В 52 г. беспорядки на выборах и убийство Клодия (как уверял Цицерон, происшедшее чисто случайно) вызвали процесс Милона, достаточно быстро превратившийся в процесс клодианской партии. Ни один из людей Милона наказан не был, а серия процессов о насилии привели к разгрому партии Клодия. Коррупционерами также оказались популяры и близкие к ним лица (Г. Меммий, Плавтий Гипсей и М. Эмилий Скавр). Наказали и трибунов-популяров, начавших процесс против Милона. Как показали процессы Клодия и изгнание из сената Салллюстия Криспа, даже нарушение супружеской верности стало преступлением, которое совершали исключительно противники режима. Наконец, в 52–49 гг. стареющие генералы Суллы и их более молодые единомышленники отказались от этой «либеральной» политики и решили повторить сулланский вариант. Теперь на их пути встал Цезарь.

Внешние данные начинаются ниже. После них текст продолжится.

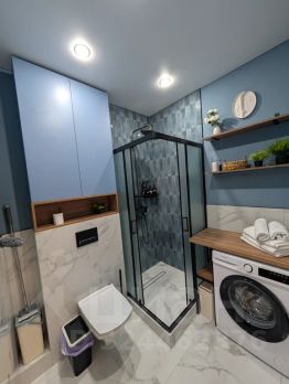 В ванной всё, что нужно: душ, полотенца, средства гигиены, стиральная машина и полочки для твоих мелочей.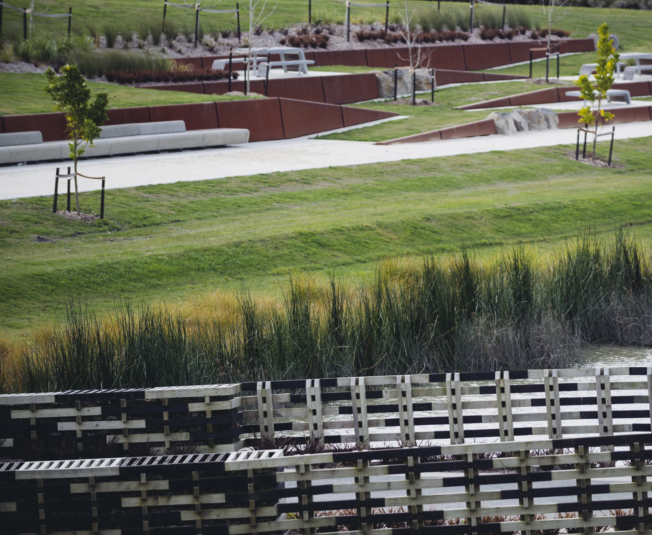Crib retaining walls, rather than being separate elements, perform both as engineering structures that support the infrastructure behind them, and as spaces for people above and within the structures. Made from treated pine timber and filled with rock – both of which were locally sourced – the walls are permeable structures that help to filter the water and can flex and move as the land expands and shrinks. Over time the structures will become part of the park’s ecology. They are also land bridges and provide spaces for public amenity. A bold aesthetic for the crib walls echoes the scale of the adjacent Westgate town complex, and references Maori weaving and rope-making motifs. The weaving design forms a visual warp and weft throughout the site along with other natural and constructed elements – water, planting and cycle ways.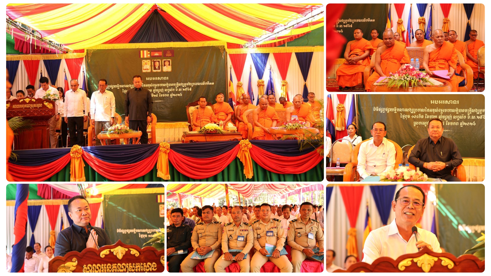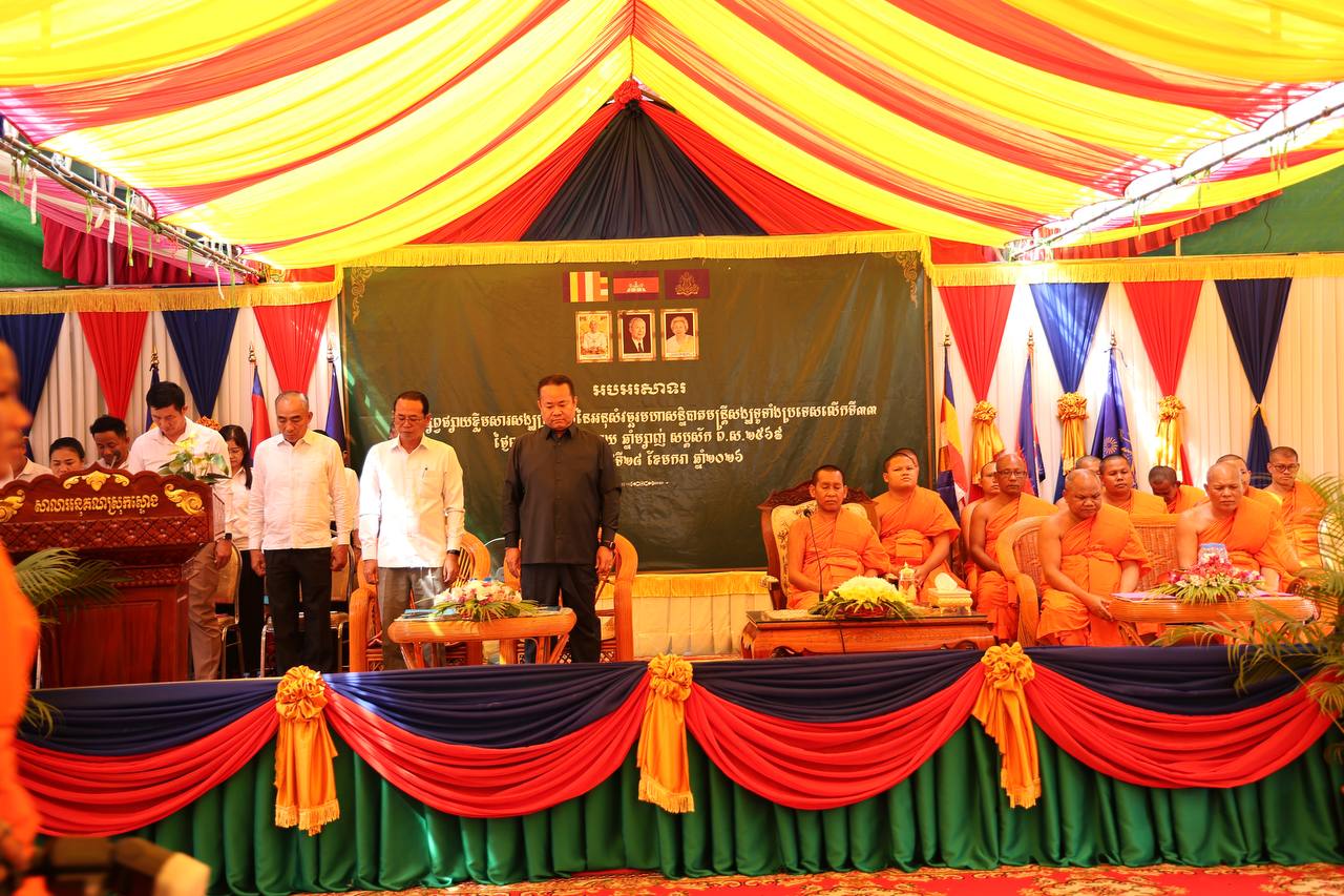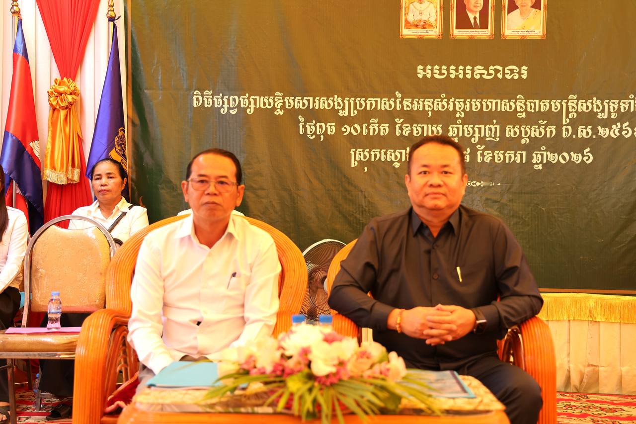 (កំពង់ធំ)÷ ព្រះទេពសត្ថា សៀង សុខ ព្រះរាជាគណៈថ្នាក់ចត្វា និងជាព្រះសត្ថាបារមី ព្រះមេគណខេត្តកំពង់ធំ លោក តាន់ តៃជ្រាន់ ប្រធានមន្ទីរធម្មការ និងសាសនាខេត្តកំពង់ធំ លោក សាយ គឹមឡម អភិបាល នៃគណៈអភិបាលស្រុកស្ទោង និមន្តអញ្ជើញ ជាអធិបតីភាពក្នុងពិធីផ្សព្វផ្សាយខ្លឹមសារសង្ឃប្រកាសនៃអនុសំវច្ឆរមហាសន្និបាតមន្ត្រីសង្ឃទូទាំងប្រទេសលើកទី៣៣ ព.ស២៥៦៩ គ.ស២០២៦ សម្រាប់សាលាអនុគណស្រុកស្ទោង ក្រោមការរៀបចំដោយ ព្រះបុណ្ណញាណ ណិប អ៊ាន ព្រះរាជាគណៈថ្នាក់កិត្តិយស ជាព្រះធម្មធរគណខេត្ត និងជាព្រះគ្រូបរិត្តកោសល អនុគណស្រុកស្ទោង ព្រមទាំងសហការី ដែលសមាសភាពចូលរួមចំនួន ៦៥៣អង្គ/នាក់ ស្ថិតក្នុងវត្តឃ្លាំងខ្មូត ឃុំប្រឡាយ ស្រុកស្ទោង ខេត្តកំពង់ធំ នារសៀលថ្ងៃពុធ ១០កើត ខែមាឃ ឆ្នាំម្សាញ់ សប្តស័ក ពុទ្ធសករាជ ២៥៦៩ ត្រូវនឹងថ្ងៃទី២៨ ខែមករា ឆ្នាំ២០២៦។

В конце жизни Цезарь с грустной иронией заметил, что был бы первым республиканцем, если бы в Риме была республика. Латинское слово имело два значения — государство вообще с наличием необходимой системы управления и государство с коллегиальным управлением и соответствующими свободами. Цезарь имел в виду и то и другое, и в этой его фразе, возможно, и кроется смысл отношений Цезаря со «свободной республикой».

* * *

С.Л. Утченко упрекает в телеологизме тех ученых, которые полагают, что цели и направленность деятельности Цезаря сложились уже во времена его молодости, когда он размышлял о «несовершенствах» современной ему республики и путях их исправления. Мы не побоимся впасть в еще больший «телеологизм», утверждая, что многое в его политической деятельности было предопределено еще задолго до того, как он смог реально оценивать окружающую обстановку и заниматься не только политической, но и вообще какой-либо деятельностью. Заметим, что упреки в телеологизме вообще достаточно рискованны, когда мы имеем дело с античной ментальностью.

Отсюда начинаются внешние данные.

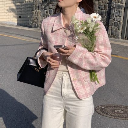 | nameOriginal | In stock 2023 Autumn New South Korea Dongdaemun LER * BE tweed plaid loose lapel Chanel style coat |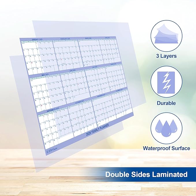 - ✅Premium Laminated Paper: This calendar is made of 200g thicker paper and features a waterproof surface that works great with wet or dry erase. You can wipe it off easily using dry or wet markers. Whenever you want to change your plan, just wipe it off and write down your new ideas.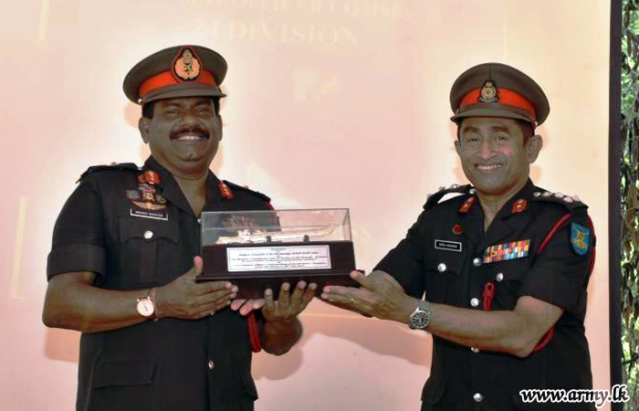 Subsequently, the outgoing GOC participated in an All Rank lunch and addressed the troops and thanked the staff for all the generous support, extended during his tenure as the third General Officer Commanding of the 24 Division. Further, he emphasized the importance of the military role in the present context and instructed the troops to ensure continued rounds of formal & appropriate training to enhance professionalism that would ready them for any emergency. He specially urged to maintain the highest levels of discipline, professionalism and loyalty towards the country and for the Sri Lanka Army. He also appraised the role being played by the Sri Lanka Army on national security needs.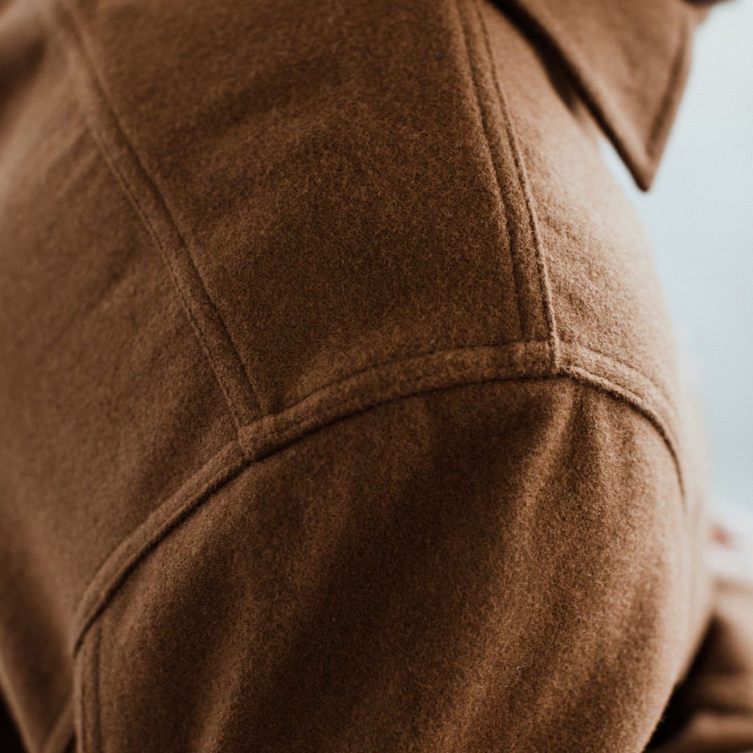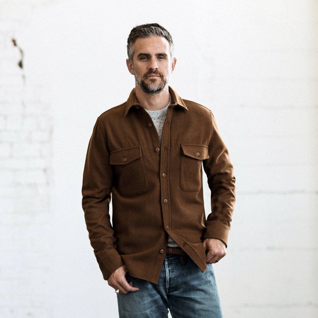Kill the chill while looking the part. The Maritime Shirt Jacket in Rust by Cuesv.

Человек древности, по всей вероятности, был настроен не менее (если не более) «телеологично», чем современные ученые. Что же касается веры во всевозможные оракулы, пророчества, предзнаменования высокой роли или миссии и идеи некоей «космической предопределенности», то они были характерны для него гораздо больше, чем для людей нашего времени. Сама история интересующего нас периода показывает примеры этой мистической, подчас иррациональной веры в собственное избранничество и судьбу, ведущая человека по жизни, зачастую противореча формальной логике. Потерпев поражение и будучи изгнан из Рима, скрываясь от преследователей, которым обещали за его голову огромные деньги, Марий, тогда еще шестикратный консул, искренне верил в пророчество о том, что доживет до седьмого. Помпей считал, что внешне и внутренне сходен с Александром, а потому его ожидает сходная судьба. Лукулл атаковал Митридата, получив во сне знамение оракула (Plut. Luc, 12), умный и циничный Лентул Сура верил в пророчество о «трех Корнелиях, которым было суждено править Римом». Наконец, Сулла, вероятно, самый яркий пример такого рода, советовал своим читателям руководствоваться не здравым расчетом, а знаками и наитиями свыше (Plut. Sulla, 37). Перед отплытием в Италию в 83 г. Сулла был уверен в победе. Одной из причин этой уверенности были полученные им пророчества (Plut. Sulla, 26). Как знать, как бы изменилась история, получи Марий или Сулла иные предзнаменования. Как полагает Э. Роусон, Цезарь вполне мог считать себя человеком, наделенным особыми качествами, а потомок Венеры и Энея не мог не рассчитывать на особую, отличную от других историческую миссию.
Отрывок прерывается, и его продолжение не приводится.